Awilé s'assit par terre de soulagement mais celui-ci fut de courte durée. Le silence se faisait désormais assourdissant. Personne ne parlait et la jeune femme pensa un moment qu'il y avait un autre problème, avant de se rendre compte que le problème, c'était elle, vu le regard méfiant que lui portaient certains villageois.

La petite Arouwé semblait aller mieux, même si une vilaine blessure qu'elle s'était faite en tombant zébrait son genou. Awilé ferma les yeux pour se concentrer et posa sa main sur la blessure. Quelques instants plus tard, elle la retira et la blessure avait disparu comme par magie.

  • Ne touche pas à ma fille, espèce d'enchanteresse !

La mère d'Arouwé vint pratiquement l'arracher des bras de la jeune femme, qui activa machinalement son pouvoir d'empathie. Elle ressentit une telle peur, tant d'incompréhension et de haine venant de cette femme qu'elle ne sut quel comportement adopter devant une telle ingratitude.
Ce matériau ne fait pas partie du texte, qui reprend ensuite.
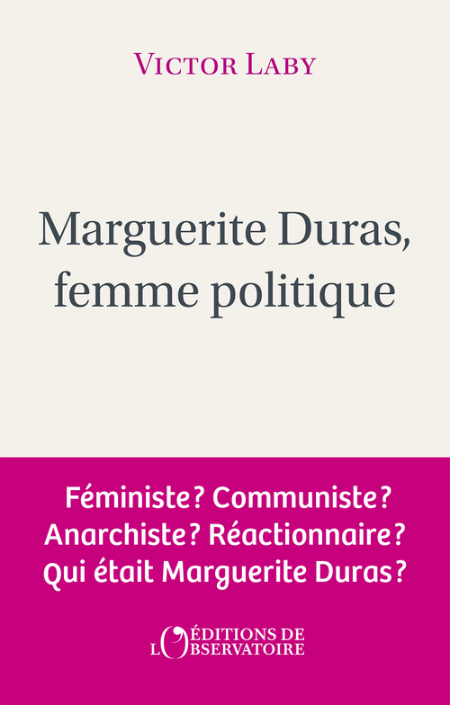 Dans quel camp écrivait Duras ?Résistante, communiste, gauchiste, mitterrandienne… mais aussi réactionnaire, féministe, anti-féministe selon ses détracteurs. Marguerite Duras défie toutes les catégories politiques. Était-elle de gauche, d’extrême gauche, de droite ? Cette question, qui traverse son œuvre et sa vie, révèle la complexité d’un engagement qui ne se laisse enfermer dans aucune étiquette.De son adhésion au PCF dans l’après-guerre à ses prises de position sur Mai 68, de ses écrits sur la question algérienne à son ralliement au mitterrandisme, Victor Laby retrace le parcours politique insaisissable de l’auteure du Barrage contre le Pacifique. Loin des caricatures qui en font tantôt une trublion destructrice, tantôt une opportuniste, cette biographie intellectuelle révèle comment Duras a constamment réinventé le réel pour mieux le dénoncer, préférant la subjectivité du témoignage aux romans à thèse.Comment comprendre une femme qui peut être à la fois révolutionnaire et conservatrice, progressiste et nostalgique ? S’appuyant sur une analyse inédite de la presse du XXe siècle et sur la redécouverte du tout premier texte publié par Duras, cette enquête explore les liens entre écriture et engagement, et pose une question essentielle : qu’a signifié, pour Marguerite Duras, écrire contre et écrire avec le monde ?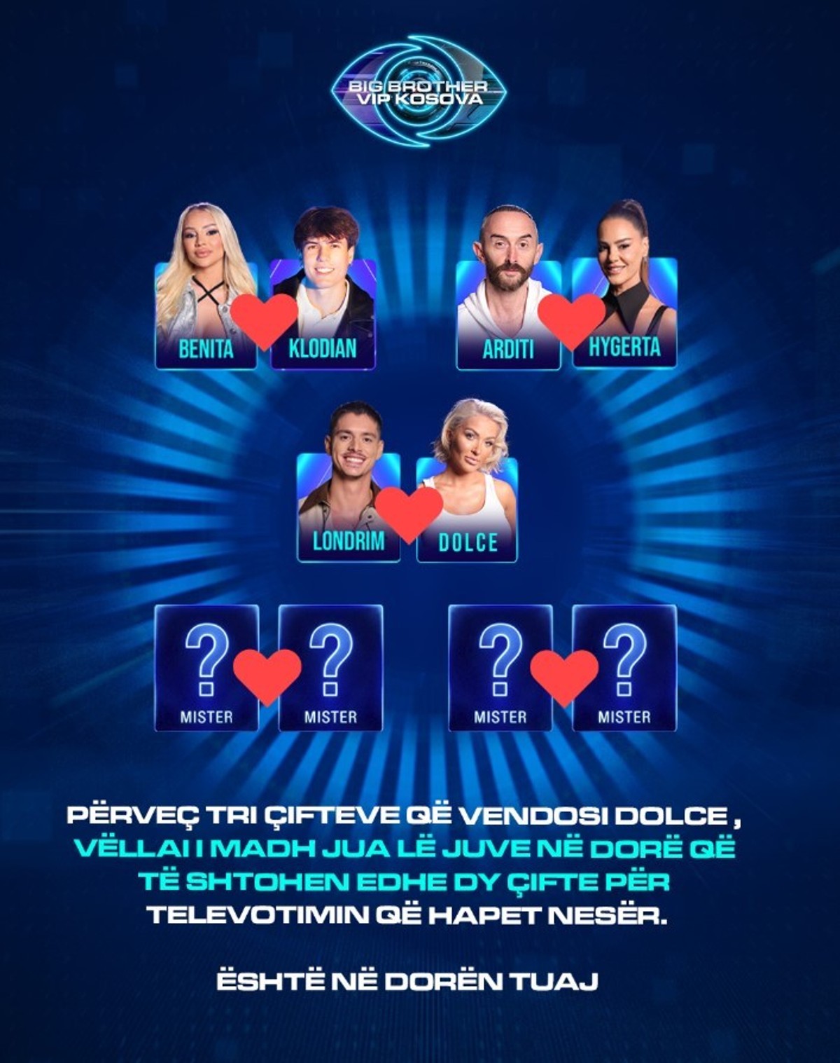 Megjithatë, moderatori ka zgjedhur të mos zbulojë asnjë detaj shtesë, duke lënë të hapur misterin rreth çiftit dhe mënyrës se si do të organizohet ceremonia, duke e ruajtur surprizën për episodet në vazhdim. /Telegrafi/

Elle finit par dire calmement :

  • Je ne vais pas lui faire du mal, juste m'assurer qu'elle va bien.

Arouwé et sa mère étaient déjà loin et Awilé, en cherchant du regard Ouli, put observer qu'elle était devenue pratiquement la cible de la foule qui se faisait de plus en plus menaçante de par leurs pensées :

Elle va nous porter malheur, déjà qu'elle est bizarre...

Elle va manipuler mentalement tout le monde dans le village...

Qu'on la chasse avec sa famille ! Elle et sa tante sont sûrement pareilles...

L'awoularé se déclare enfin. Il est temps de nous en occuper...

Awilé reporta son attention sur le visage impassible de l'homme qui avait mentalement émis cette pensée, ce qui n'augurait certainement rien de bon. Elle ne l'avait encore jamais vu auparavant dans le village et il avait la carrure et la stature caractéristique d'un guerrier ou d'un garde royal. Elle repéra non loin deux hommes du même acabit qui semblaient être des copies conformes, et comprit que ces trois individus œuvraient ensemble à vouloir l'éliminer, lorsqu'elle constata que chacun d'entre eux avait une épée et une dague en argent discrètement accrochées à la taille.

C'étaient sûrement leur présence qu'elle avait ressenti ce matin tandis qu'elle se rendait au marché.

Elle ne comptait pas leur faciliter la tâche et décida avant tout de prévenir sa tante du danger qu'elles encouraient désormais toutes les deux en restant au village.

Awilé se mit aussitôt à courir le plus vite possible en espérant semer les gardes. Sans se retourner, elle ressentait malgré elle la rage et la persévérance des trois hommes qui étaient désormais à sa poursuite.